→ **WHAT TO DO**: Transcribe, starting at the line with "Light and dark, sunshine" and ending at the line with "Melody Eyelet Swim", every line of the material below exactly, but leave out the pictures and anything outside that span.

→ **EXERCISE DATA**:
>>>

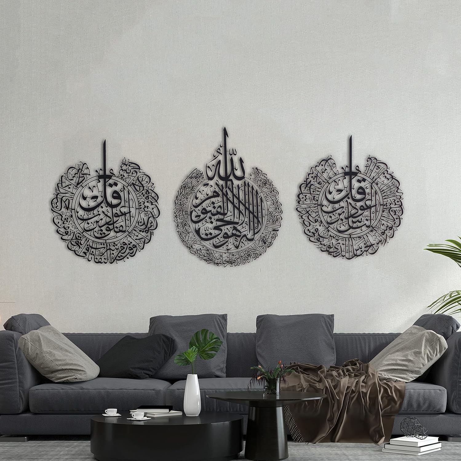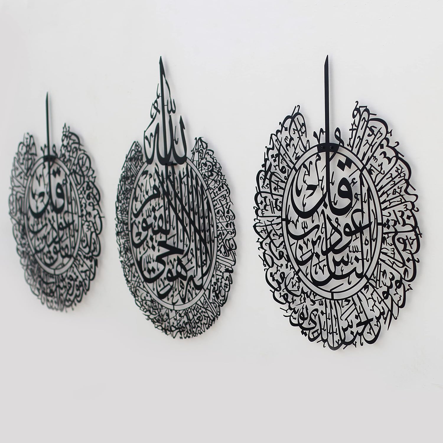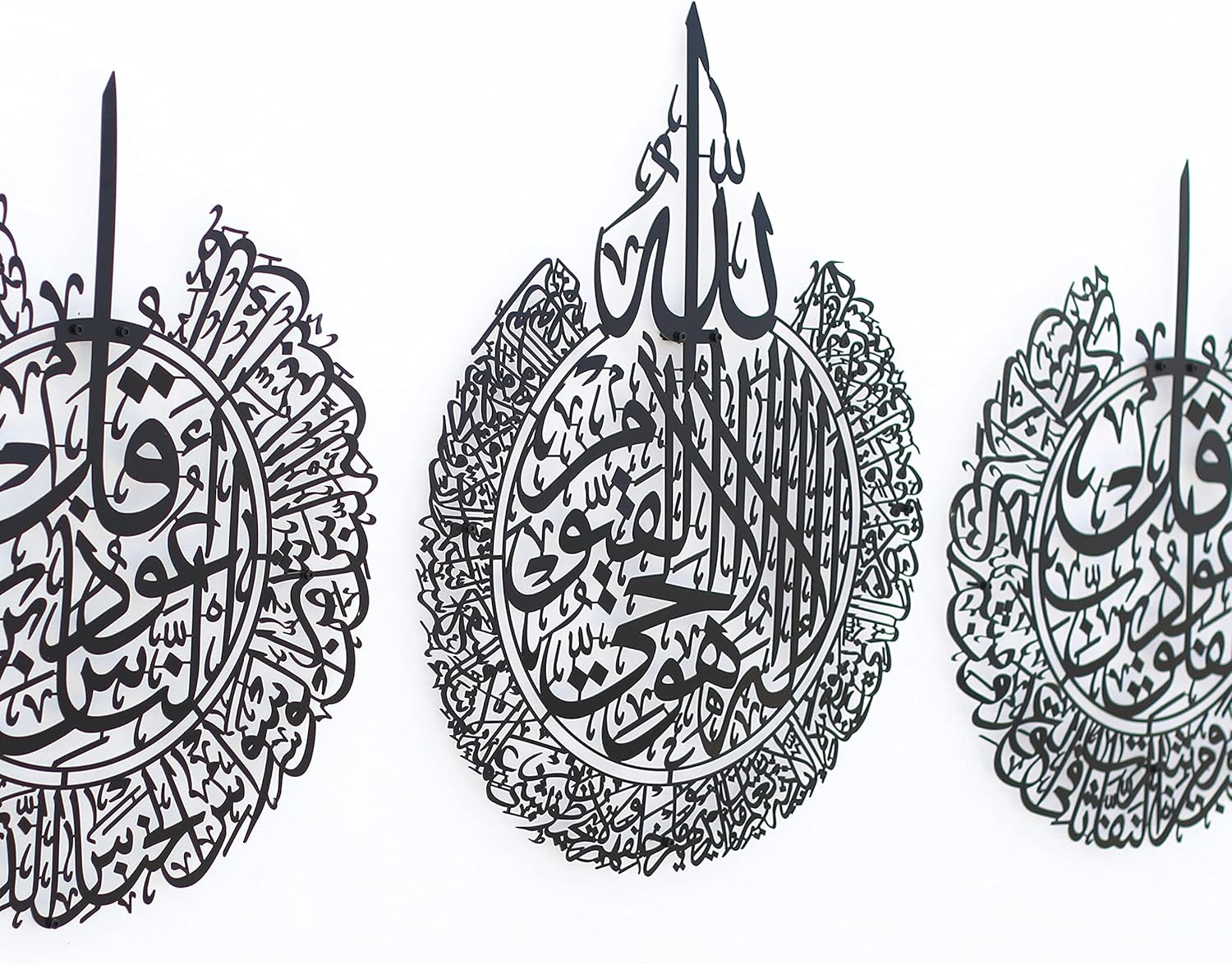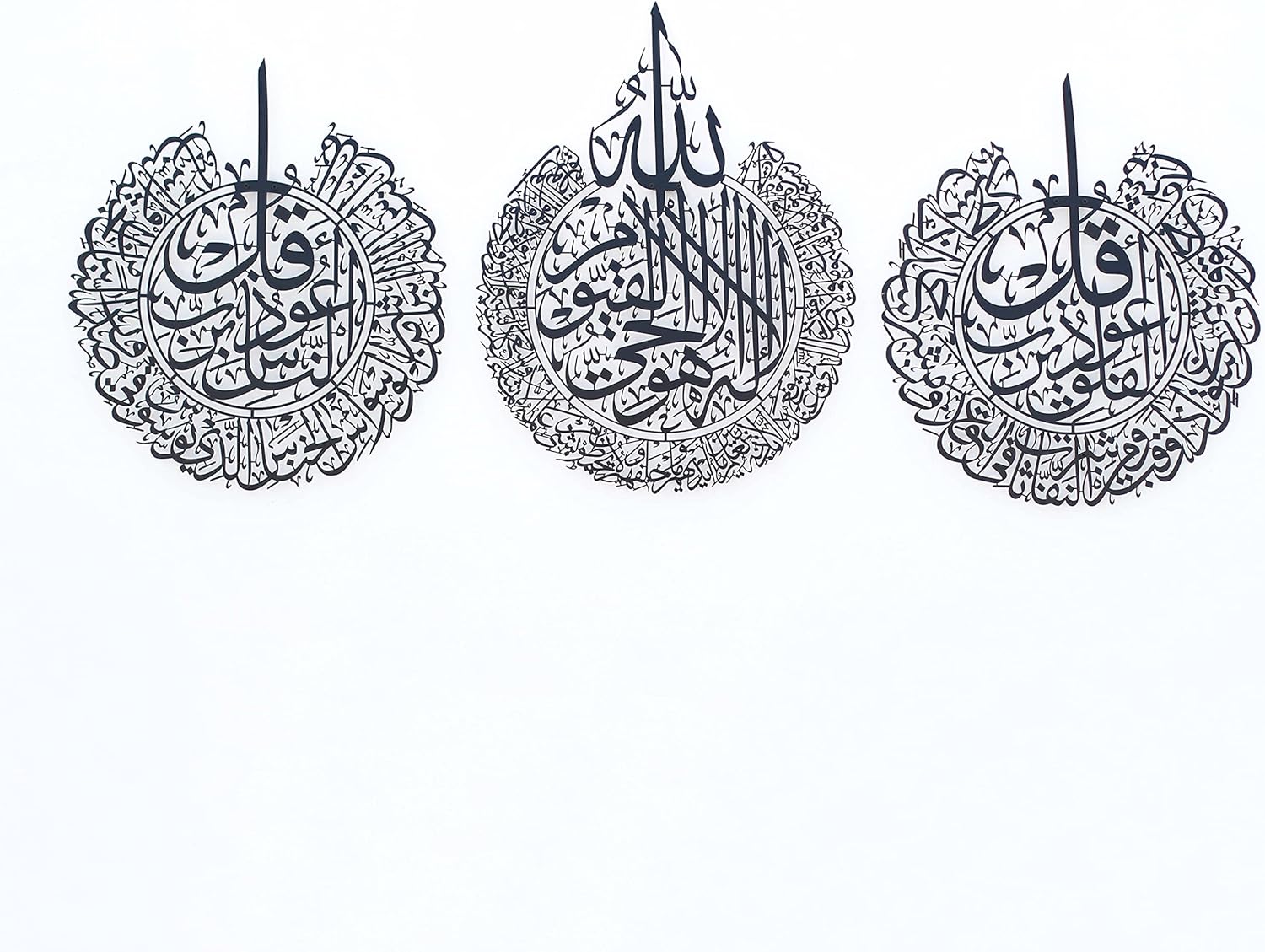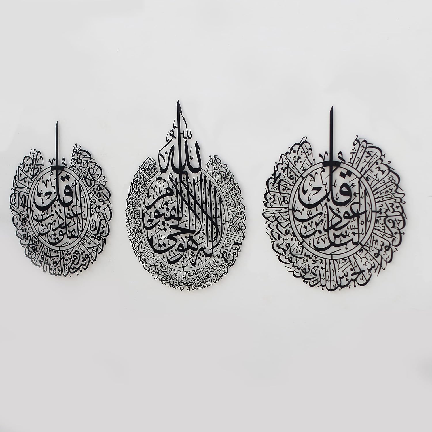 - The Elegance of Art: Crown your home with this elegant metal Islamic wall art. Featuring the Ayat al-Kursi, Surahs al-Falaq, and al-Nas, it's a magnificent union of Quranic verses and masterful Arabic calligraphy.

<<<
>>>

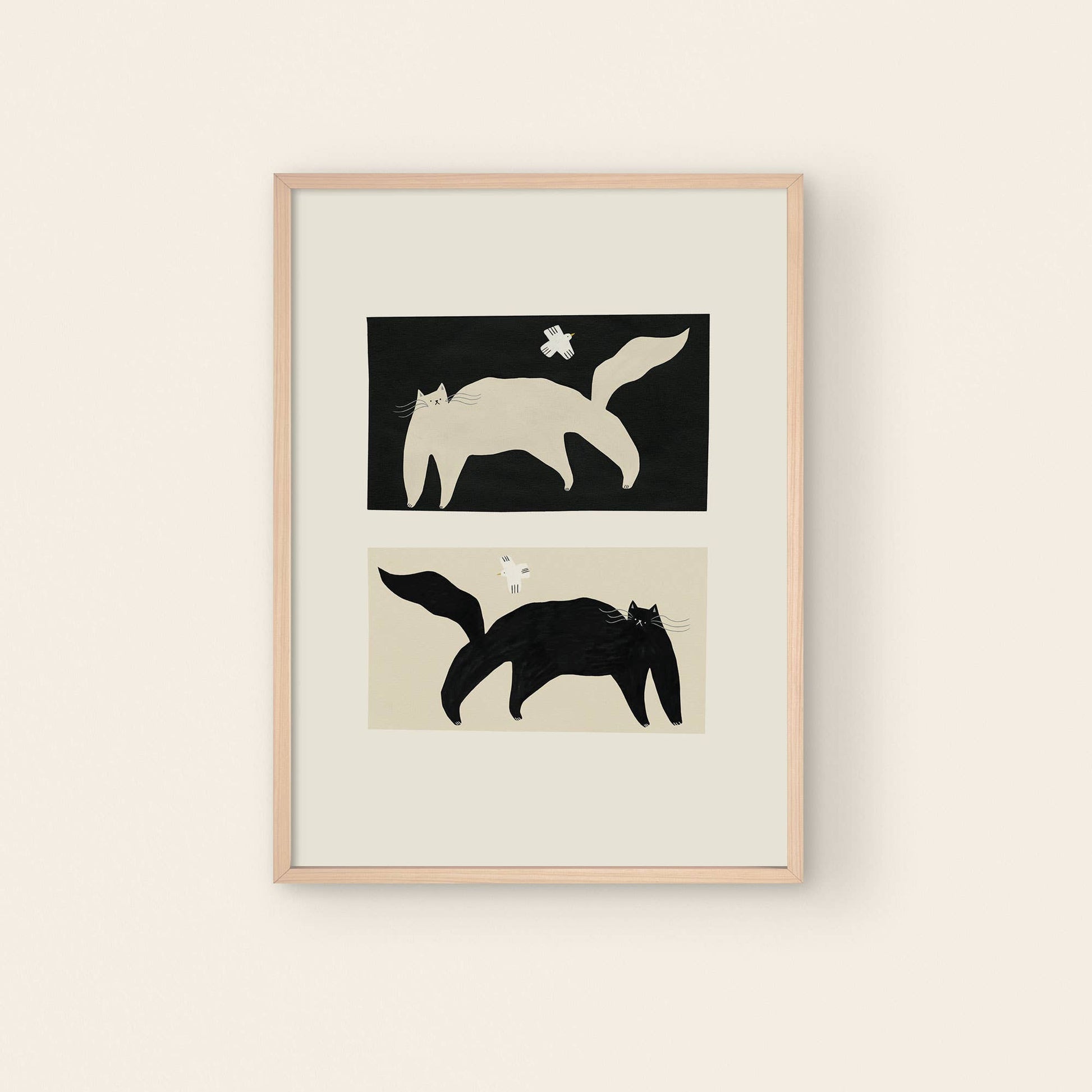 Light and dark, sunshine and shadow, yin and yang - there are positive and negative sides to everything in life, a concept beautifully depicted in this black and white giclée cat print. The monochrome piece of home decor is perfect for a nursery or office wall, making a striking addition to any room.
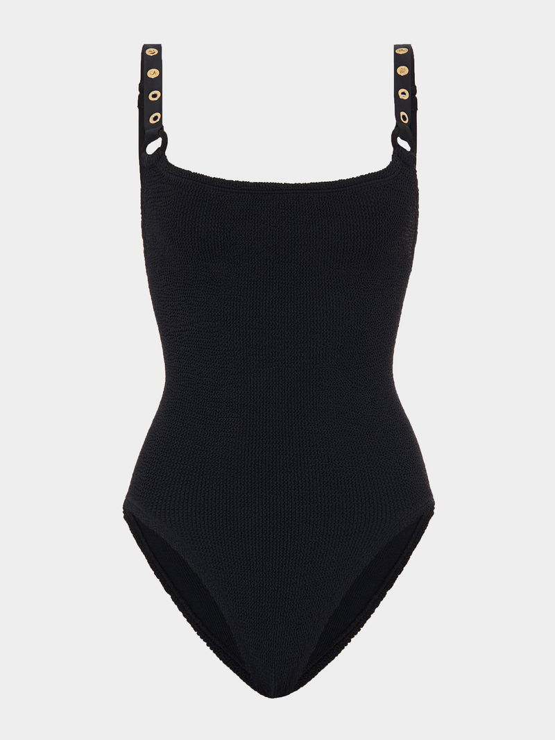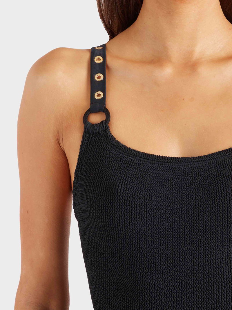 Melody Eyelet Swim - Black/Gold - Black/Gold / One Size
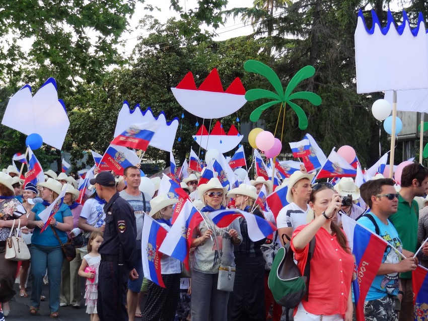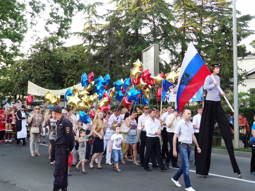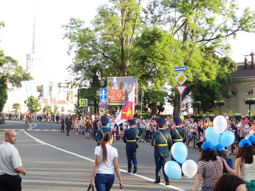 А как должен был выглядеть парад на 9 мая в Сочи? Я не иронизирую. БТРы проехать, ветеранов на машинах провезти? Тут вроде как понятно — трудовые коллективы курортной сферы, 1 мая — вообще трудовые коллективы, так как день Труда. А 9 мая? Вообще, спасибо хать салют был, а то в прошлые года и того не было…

<<<

→ **EXERCISE SOLUTION**:
 Light and dark, sunshine and shadow, yin and yang - there are positive and negative sides to everything in life, a concept beautifully depicted in this black and white giclée cat print. The monochrome piece of home decor is perfect for a nursery or office wall, making a striking addition to any room.
 Melody Eyelet Swim - Black/Gold - Black/Gold / One Size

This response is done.